How does it work? “We’ll buy in bulk for these organizations. We can get the prices down.”

It can be hard to persuade Sell’s potential customers that he can save them money. “If I say, ‘I can save you money,’ they don’t believe me,” he says. So he started the Ecco Match program.

“Businesses send us their invoice from ordinary products they currently buy, and we’ll try to match prices with environmental products,” he explains. “We want to help them switch at no cost. We can’t do everything that way, but we can do something. If they send us the invoices, we can find other solutions.”

The staff of Ecco Living is Sell, the “chief Ecco-ite,” and six other students. Customers place orders online, by phone or through e-mail. Initially, “it was crazy. We had rented warehouse space and I was doing the delivery out of my car,” he says. “It was interesting balancing education with deliveries.”

Then they made arrangements for Tek Direct in Rogers Park to handle the distribution. “We have our products sent to this warehouse,” Sell explains. “They  do our delivery.”

Sell and the rest of the team collate and process the orders, collect the money and tell Tek Direct what to deliver and to whom. “I don’t have to throw the stuff in the back of my car after class any more.”

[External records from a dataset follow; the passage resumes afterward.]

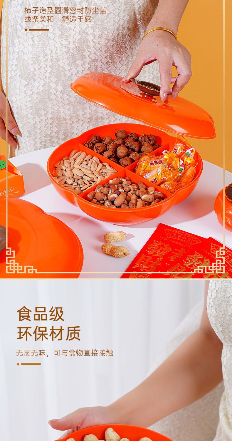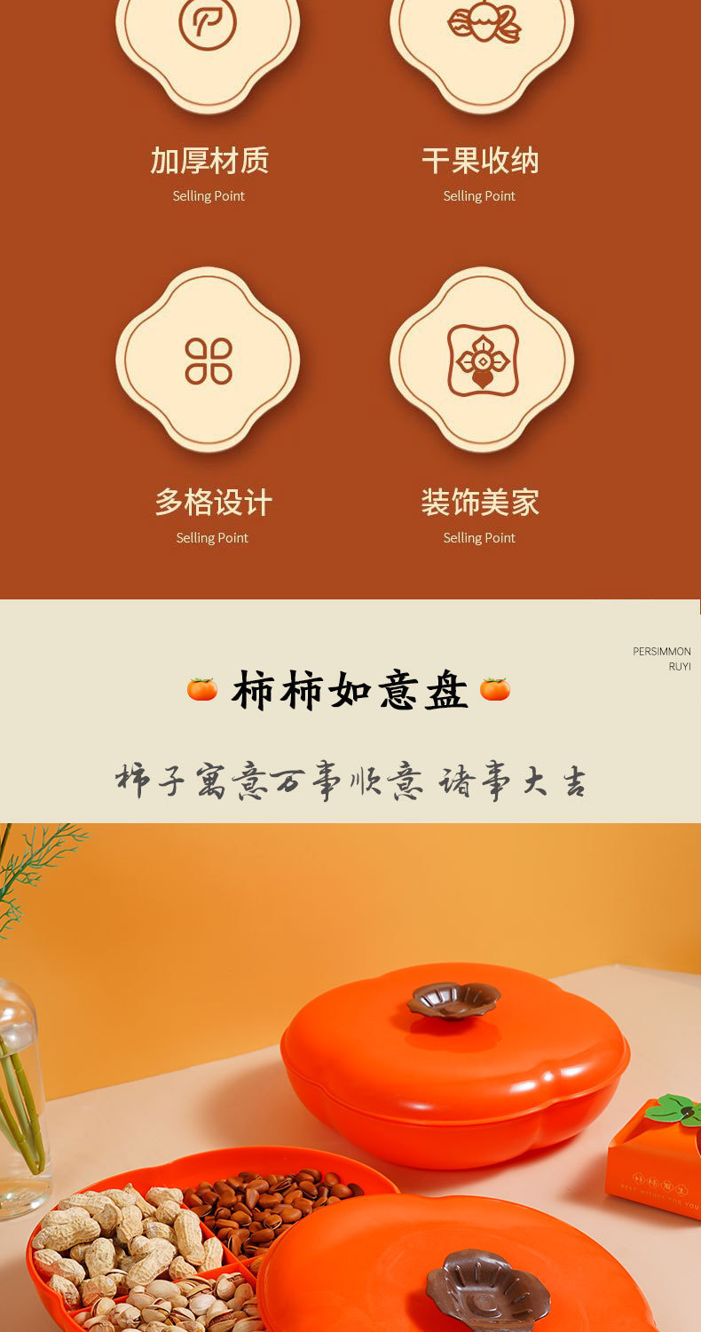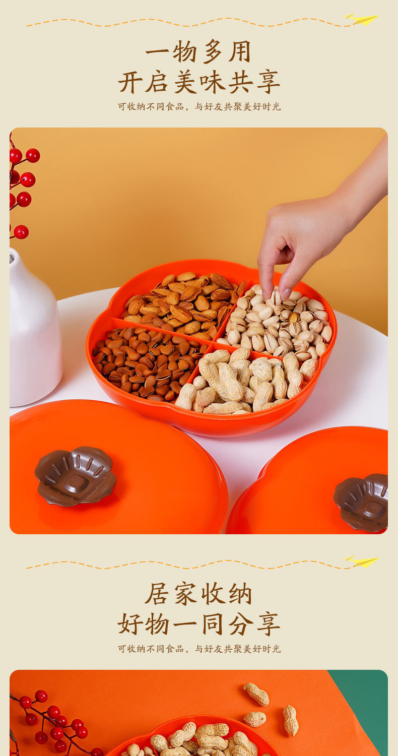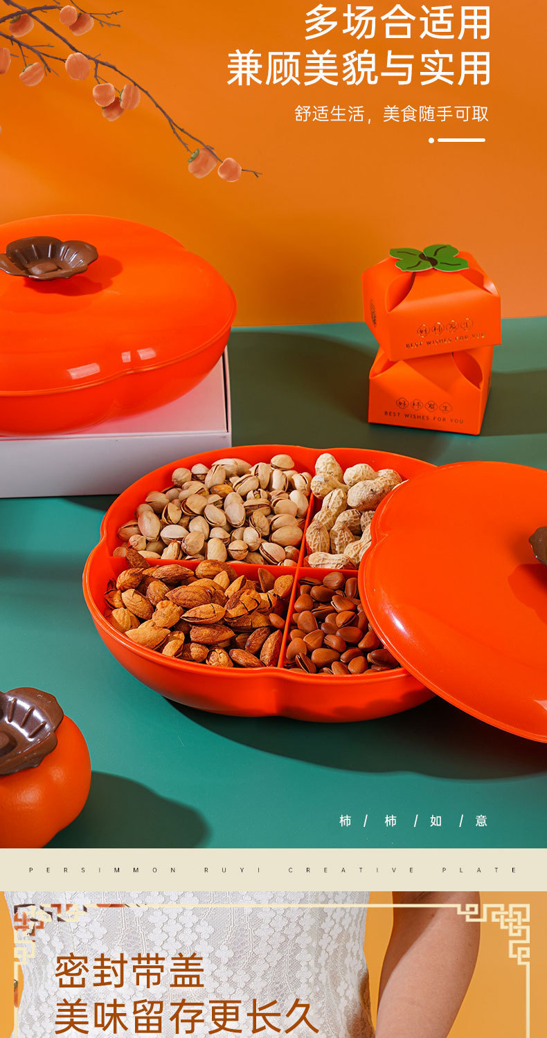 【柿柿如意❗️纳福喜乐柿子果盘】柿柿常欢喜,顺风又顺水!新款干果盒家用客厅坚果盘节日装零食水果盘带盖
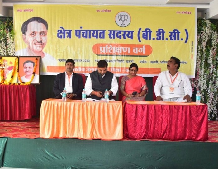 उझानी। ब्लॉक उझानी, कादरचौक और अंबियापुर के क्षेत्र पंचायत सदस्य (बी.डी.सी) का प्रशिक्षण वर्ग उझानी के शिवाश्रय रिसोर्ट में हुआ, जिसका शुभारंभ पं. दीनदयाल उपाध्याय एवं डॉ. श्यामा प्रसाद मुखर्जी, भारत माता के चित्र पर पुष्प अर्पित एवं दीप प्रज्वलित कर वंदे मातरम गीत के साथ क्षेत्रीय उपाध्यक्ष हर्षवर्धन आर्य, बदायूँ सांसद संघमित्रा मौर्य, ब्लॉक प्रमुख उझानी शिशुपाल शाक्य, ब्लॉक प्रमुख कादरचौक वीरेंद्र सिंह राजपूत ने शुभारंभ किया।
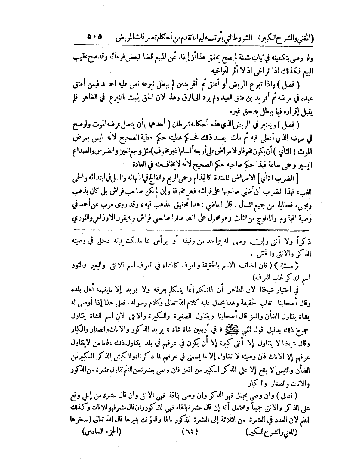 فعلى هذا إذا أوصى له بشاة يتناول الضأن والمعز قال أصحابنا ويتناول الصغيرة والكبيرة والأنثى لأن اسم الشاة يتناول جميع ذلك بدليل قول النبي صلى الله عليه وسلم " في أربعين شاة شاة " يريد الذكور والإناث والصغار والكبار وقال شيخنا لا يتناول إلا أنثى كبيرة إلا أن يكون في عرفهم في بلد يتناول ذلك، فأما من لا يتناول عرفهم إلا الإناث فإن وصيته لا نتناول إلا ما يسمى في عرفهم لما ذكرنا، والكبش الذكر الكبير من الضأن والتيس لا يقع إلا على الذكر الكبير من المعز فإن وصى بعشرة من الغنم تناول عشرة من الذكور والإناث والصغار والكبار (فصل) وإن وصى بجمل فهو الذكر وإن وصى بناقة فهي الأنثى وإن قال عشرة من إبلي وقع على الذكر والأنثى جميعاً ويحتمل أنه إن قال عشرة بالهاء فهي للذكور وإن قال عشر فهو للإناث وكذلك الغنم لأن العدد في العشرة من الثلاثة إلى العشرة للذكور بالها وللمؤنث بغيرها قال الله تعالى (سخرها
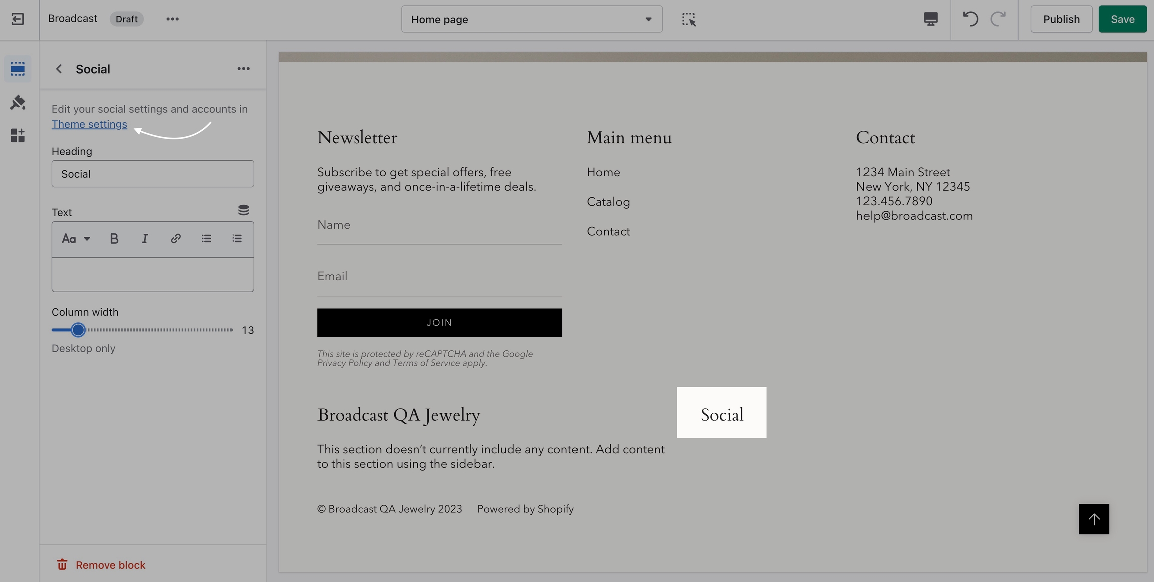 Icons automatically appear if a social network address has a URL address configured under Theme settings, Social Media:

The company was started with money Sell earned as a caddy. Now the business is self-supporting. “We have about $4,000 in inventory. If we sold that, we would be profitable.” He adds, “the money I take in, goes out.” And he’s not paying himself or the other employees. “They’re good friends.”

Sell continues to try to expand the business and learn how to run it better. He is now sharing office space with seven other start-up teams through the Farley Entrepreurship Center at the Technology Innovation Center at 820 Davis St.

“Originally I thought it would be nice to have an address on Davis Street. But it’s not really the space that matters so much,” he says. “I benefit from the advisory board and experience of other entreprenuers, who are much more experienced than I am. One of the guys is willing to advise me on the spring entrepreneurship competition. It’s incredibly helpful. Just being wrapped in that community has been beneficial to us.”

What about competition? “Our reusables line does okay because competitors, such as Sysco, mostly deal with compostables,” which are more expensive. “Our tissue products are 100% recycled content and the factory uses wind energy to manufacture it,” he adds. “We try to get the most thoroughly environmental products,” while trying to get the price down.

So what’s next? “We’d like to make this a real business that serves more customers and pays the rent,” he says. But if not, he’ll just keep bringing in younger students to keep it going after he graduates. “The plan would be next year I’ll start transferring it over to them.”